They don't seem to mind unless they get wet. Then they shiver a lot. Usually they're pretty tired by the end of the day if it's been cold and wet like this, but it doesn't seem to hurt them as long as I provide them a warm, dry place to sleep at night. Nevertheless, this sort of weather is not my preference for raising babies, which is why I always aim for late April/May kiddings when the snowstorms are further apart and punctuated by warm, sunny spells.


----------



## FizzyGoats (Apr 14, 2021)

Damfino said:


> Four months later...
> We wake up to 8 inches of snow!
> As always, winter loves to give us one last punch in mid-May.


Oh man, this reminds me of growing up in Colorado. Now I live in TN. It’s been atypically cool this year but not cold. Last year we got a late freeze in May (killed my garden), and I was thinking, hey I live in the south now so what’s up with this? Lol. 



MadHouse said:


> Oh brother hey! But if you had dry conditions like we do, at least you are getting lots of moisture!

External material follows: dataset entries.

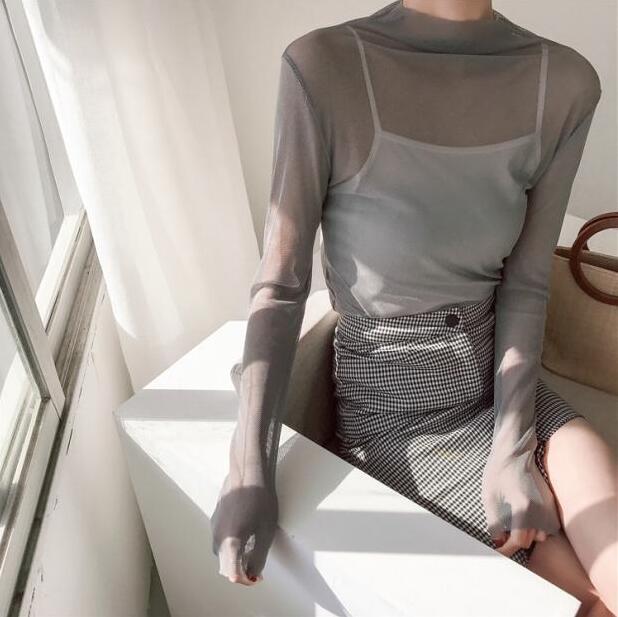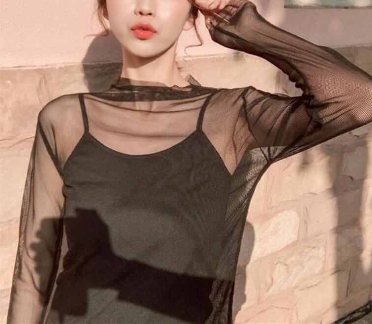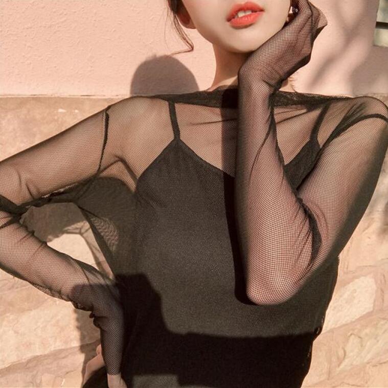 See-through Mesh Lace Long Sleeve Top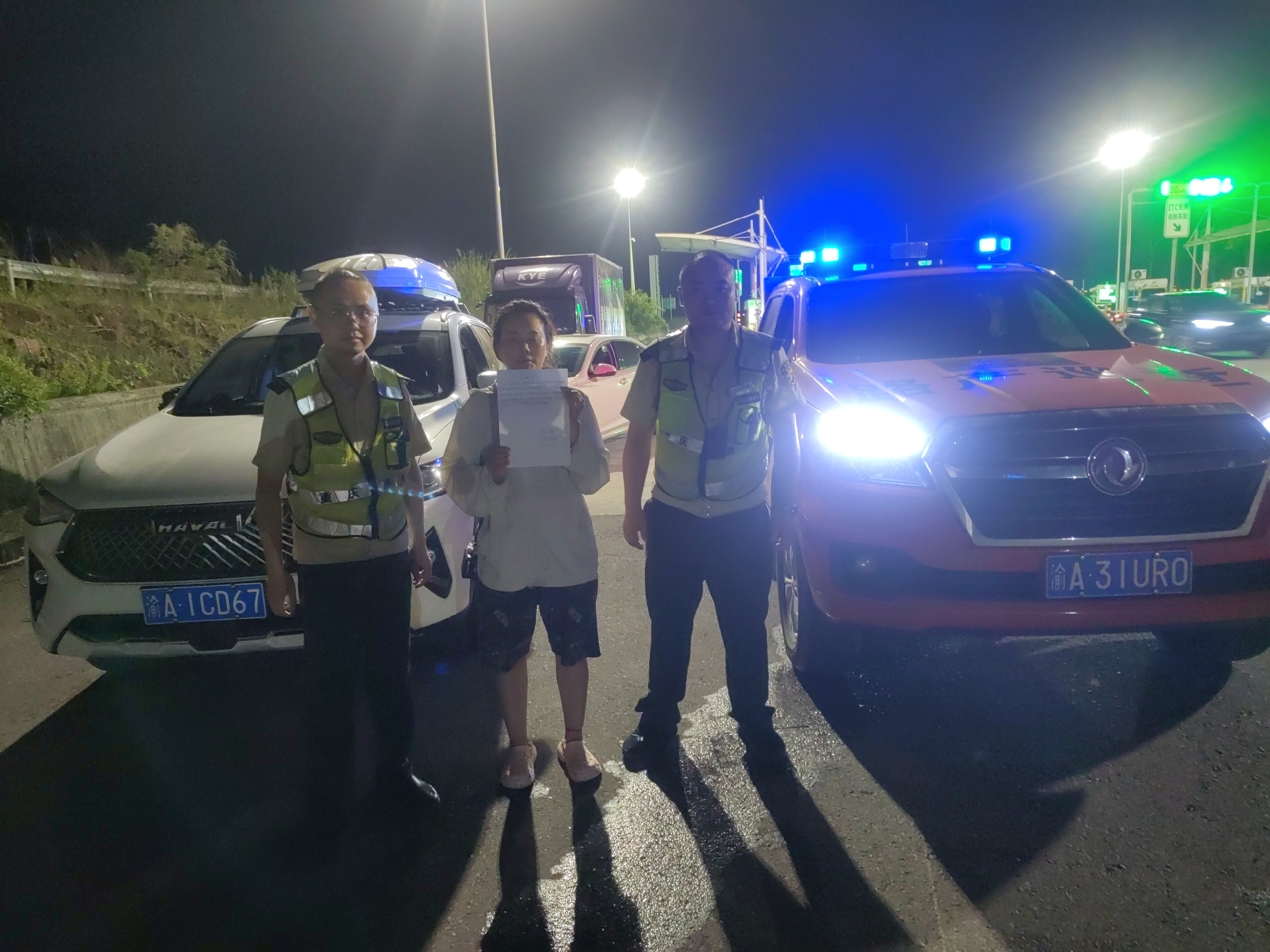 2025年10月5日19時25分,正值雙節(jié)期間車流高峰時段,渝長復(fù)線高速進城方向交通流量持續(xù)攀升。公司巡查人員鐘濤、陳鵬按照24小時巡查機制,在日常巡邏至 K33+400處時,發(fā)現(xiàn)超車道停放一輛小轎車,存在極大安全隱患。秉持“快速響應(yīng)、高效處置”的工作原則,兩人立即分工行動:陳鵬嚴格依照應(yīng)急處置規(guī)范,在現(xiàn)場設(shè)置警示標識、實施交通臨時管控,引導(dǎo)過往車輛有序避讓,筑牢安全防線;鐘濤則第一時間與車主溝通,同步聯(lián)系監(jiān)控中心協(xié)調(diào)拖車救援,確保處置流程規(guī)范高效。?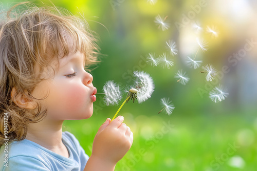 A child blowing dandelion seeds, with a look of wonder and happiness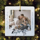 Mark a meaningful moment with this elegant square ornament featuring your custom photo framed by a soft frosty background and delicate black and white pine leaves. The vertical script on either side—“Our First Christmas” and your family name—adds a modern twist to a timeless keepsake, blending modern minimalist colourful typography with seasonal vintage Christmas non photo charm.
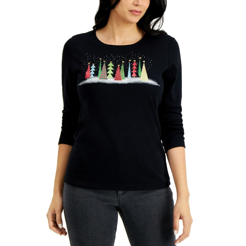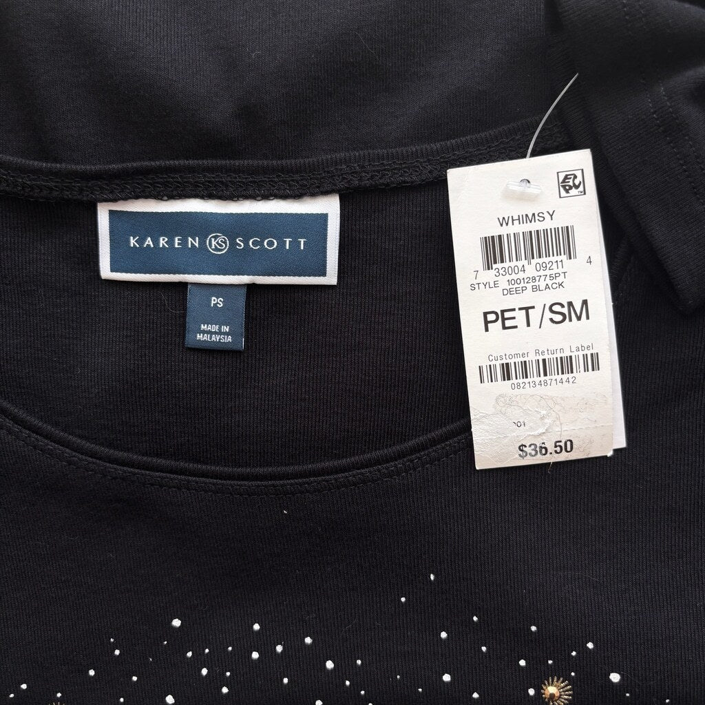 Karen Scott Women's Small Petite Black Embellished Holiday-Graphic T-Shirt NWT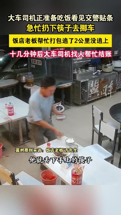 大車司機正準備吃飯看見交警貼條,急忙扔下筷子去挪車,飯店老板幫忙打包追了2公里沒追上,十幾分鐘后大車司機找人幫忙結賬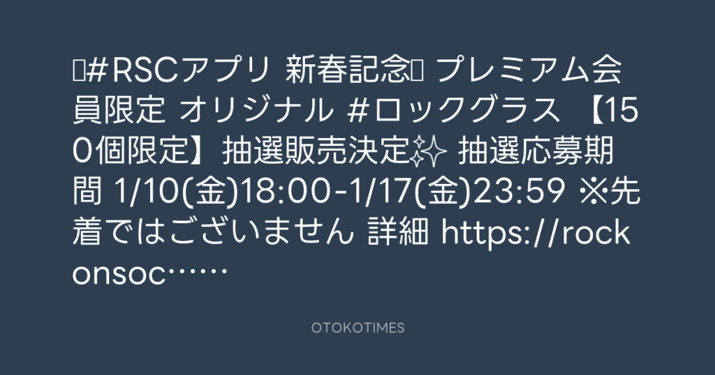 ◤#RSCアプリ 新春記念🎍◢ プレミアム会員限定 オリジナル #ロックグラス 【150個限... -

I’d share some rain with you if I could. I am so glad we don’t deal with droughts. That is really tough. This year, I got half my garden planted then got hammered with heavy rain storms (even had a tornado touch down within a few miles of our place) and now my very pretty rows of sprouting veggies got washed out and look like they were planted by a drunken farmer. At least a good percentage of the plants made it, just not in a straight line. It’s been too muddy to scrape out rows for the remainder of it but I think we might be able to finish it up this week (though night time temps will dip below desirable conditions).


----------



## HoosierShadow (Apr 20, 2010)

Wow, seems crazy to have so much snow this late into spring. It's definitely been a weird spring - cool and wet. I see FB memories where I complained about it getting up to 88 degrees. Obviously I don't want it that hot, but can these pretty days at least be in the mid 70s? It's been upper 50s and 60s mostly with very cool nights. We had snow in late April and that really never happened before that I can recall in all the years I've lived in this area.
We did have a spectacular first weekend in May with normal temps in the mid 70s (worked the KY Derby and it was just phenomenal weather!). I've been wanting to get some of the young goats washed and clipped and start deciding who stays/sells/shows and give mamas their annual spring bath and it's just been too cold to risk it


----------



## Damfino (Dec 29, 2013)

This much snow in May is pretty typical for us. Winter always has to give us one last hoorah in May. What's not so typical is the sustained cold weather we had through March and April! I usually start cutting back on using the wood stove sometime in March, and usually by April I only have to start a few fires. This year I started a fire every day in March and every day for the first two weeks of April until the firewood ran out. I would have burned more if I could have. I even had to refill my propane tank in April when normally I could have probably held out till June. But it was a pretty cold winter!


----------



## Boers4ever (Jun 28, 2020)

Brrrrrrr!!! We used to have horrible trouble with droughts and burn bans during the summer with the temps reaching 100F and over. But lately we have been having wet summers which is making the worms bloom like crazy!


----------



## EJskeleton (Apr 22, 2021)

Boers4ever said:


> Brrrrrrr!!! We used to have horrible trouble with droughts and burn bans during the summer with the temps reaching 100F and over. But lately we have been having wet summers which is making the worms bloom like crazy!


That must suck for the goats! 🤦🏼‍♀️


----------



## Goats Rock (Jun 20, 2011)

We had another frost Thur. night. These constant freezing spells have cost alot of loss in the vineyards for the grape (wine and juice) growers, the 
apple orchards are really hurt and my HAY isn't growing well. Come on Spring, quit with the frost! (We had snow a couple weeks ago! April 20 and 21)

Even the flies are wearing little fur coats! Hope they freeze to death!


----------



## Tanya (Mar 31, 2020)

I can send you some sunshine for your cold? Its still crazy warm here and we still have rain. Normally in April and May we have at least 12 cold fronts hit us. So our earth is confused....


----------